Nº 54 | novembro / dezembro 2013
Drops

Amácio Mazzaropi | Da Redação

De nada adiantou a preocupação dos meus pais quando eu saí de casa: “quem faz teatro morre de fome em cima do palco”. Eu fiz e não morri, pelo contrário, sempre tive sorte – sempre ganhei dinheiro.

Meu primeiro salário no cinema – 15 contos por mês. No segundo já ganhava 30, depois 300, hoje eu produzo meus próprios filmes. E o público, como no meu tempo de circo, vai ver um Mazzaropi que faz rir e chorar. Um Mazzaropi que não muda.

Conte minha verdadeira história, a história de um cara que sempre acreditou no cinema nacional e que, mais cedo do que todos pensam, pode construir a indústria do cinema no Brasil. A história de um ator bom ou mau que sempre manteve cheios os cinemas. Que nunca dependeu do INC – Instituto Nacional do Cinema – para fazer um filme. Que nunca recebeu uma crítica construtiva da crítica cinematográfica especializada – crítica que se diz intelectual. Crítica que aplaude um cinema cheio de símbolos, enrolado, complicado, pretensioso, mas sem público.
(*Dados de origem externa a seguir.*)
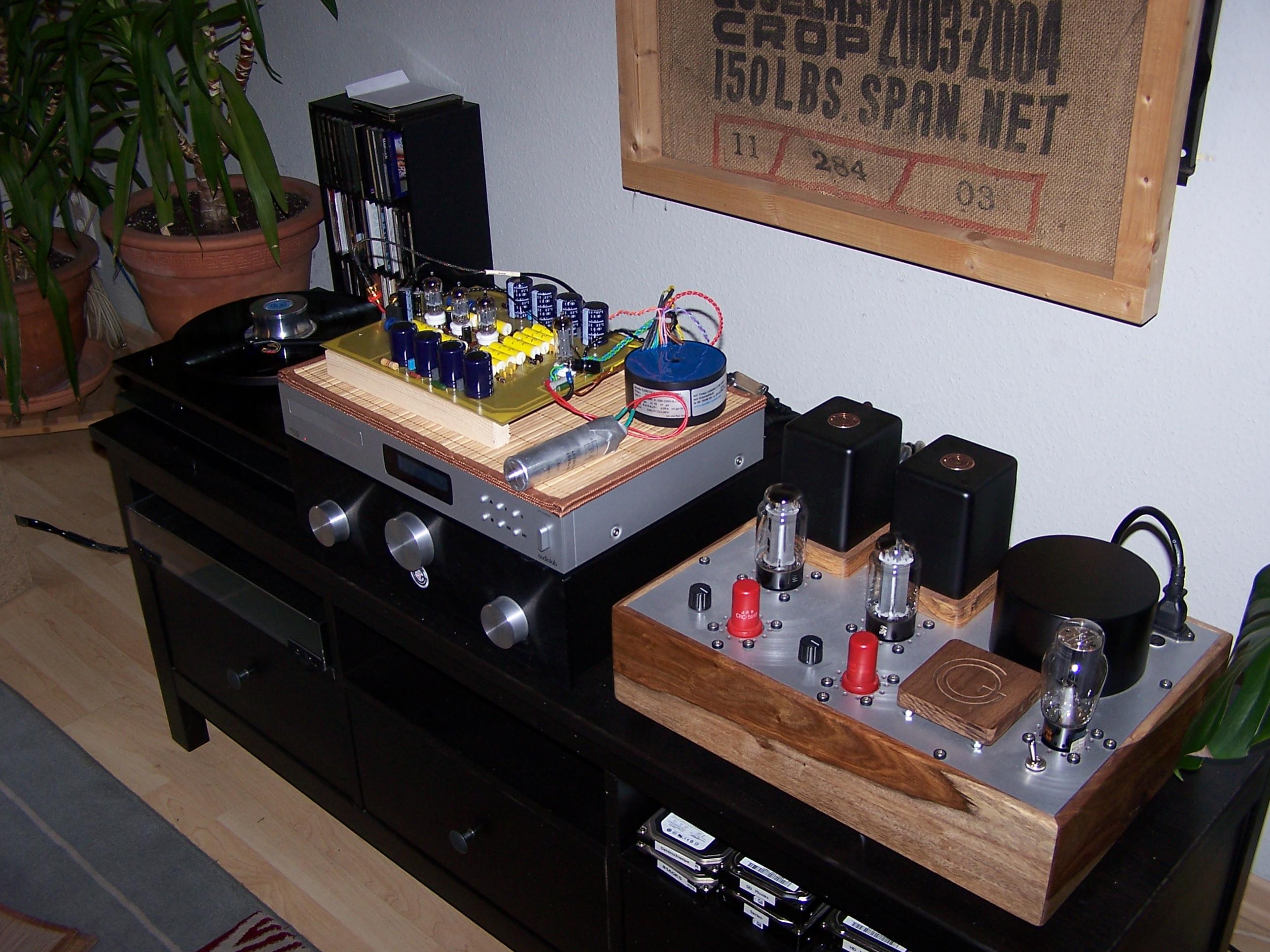 ), ist ein Eigenbau, bestehend aus einer 5cm Multiplexplatte und der Technik meines gut 20 Jahre alten Planar 2. Dem Tonarm wurde wegen eines Kabelbruchs eine durchgehende Verkabelung spendiert. Ich konnte jedoch in der Bucht einen neuwertigen Planar 3 ohne Tonarm schiessen, ist also nicht mehr aktuell. s. Bild 1 und 2. Wird aber irgenwann, wenn ich 'nen passenden Tonarm günstig bekomme, wieder aufgebaut.

A história de um cara que pensa em fazer cinema apenas para
divertir o público, por acreditar que cinema é diversão, e seus filmes nunca pretenderam mais do que isso. Enfim, a história de um cara que nunca deixou a peteca cair.
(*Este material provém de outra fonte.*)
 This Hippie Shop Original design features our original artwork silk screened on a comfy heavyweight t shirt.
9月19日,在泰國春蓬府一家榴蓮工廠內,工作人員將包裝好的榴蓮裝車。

Mas por que vocês se preocupam tanto com o que eu ganho? Vão perguntar pro Pelé, que marcou mil gols. Ele é muito mais rico que eu. Tudo que tenho em meu nome é a casa onde moro. O resto está tudo em nome da Pam-Filmes.
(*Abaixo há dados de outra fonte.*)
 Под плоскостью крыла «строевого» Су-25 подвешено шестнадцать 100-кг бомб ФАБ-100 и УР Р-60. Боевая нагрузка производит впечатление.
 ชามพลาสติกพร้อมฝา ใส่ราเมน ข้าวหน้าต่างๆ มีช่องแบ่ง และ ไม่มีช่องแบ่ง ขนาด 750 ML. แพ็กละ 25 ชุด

Tenho o necessário para pensar em fazer amanhã ou depois a indústria cinematográfica de que falei. Tenho câmeras de filmar, holofotes, lâmpadas, cavalos, cenários, agências em São Paulo, Rio, Norte do país, e uma fazenda de 184 alqueires no Vale do Paraíba – Taubaté – que serve perfeitamente de estúdio para os filmes que rodo. Como vê, tudo que ganho é aplicado na Pam-Filmes, no cinema brasileiro. E depois vêm esses críticos de cinema metidos a intelectuais dizendo: “O Mazzaropi tá cheio de dinheiro. Ele tá podre de rico. Não sabe onde pôr o dinheiro”. Não são capazes de entender que eu faço cinema como indústria. E o cinema é uma indústria como qualquer outra. Eu faço o cinema-indústria e vou fazer a indústria brasileira de cinema. [...] e não estou longe dela. Não uma indústria exportadora. Não sou visionário. Uma indústria que seja capaz de suprir o mercado interno de filmes é o suficiente. Não podemos pensar em conquistar o mercado externo – nós não temos nem lâmpadas aqui. Tudo que temos vem de lá. Mas, se nós pudermos ter uma indústria produzindo fitas nacionais, se nossas salas ficassem ocupadas por fitas nacionais, quanto dinheiro nós estaríamos evitando de mandar para fora!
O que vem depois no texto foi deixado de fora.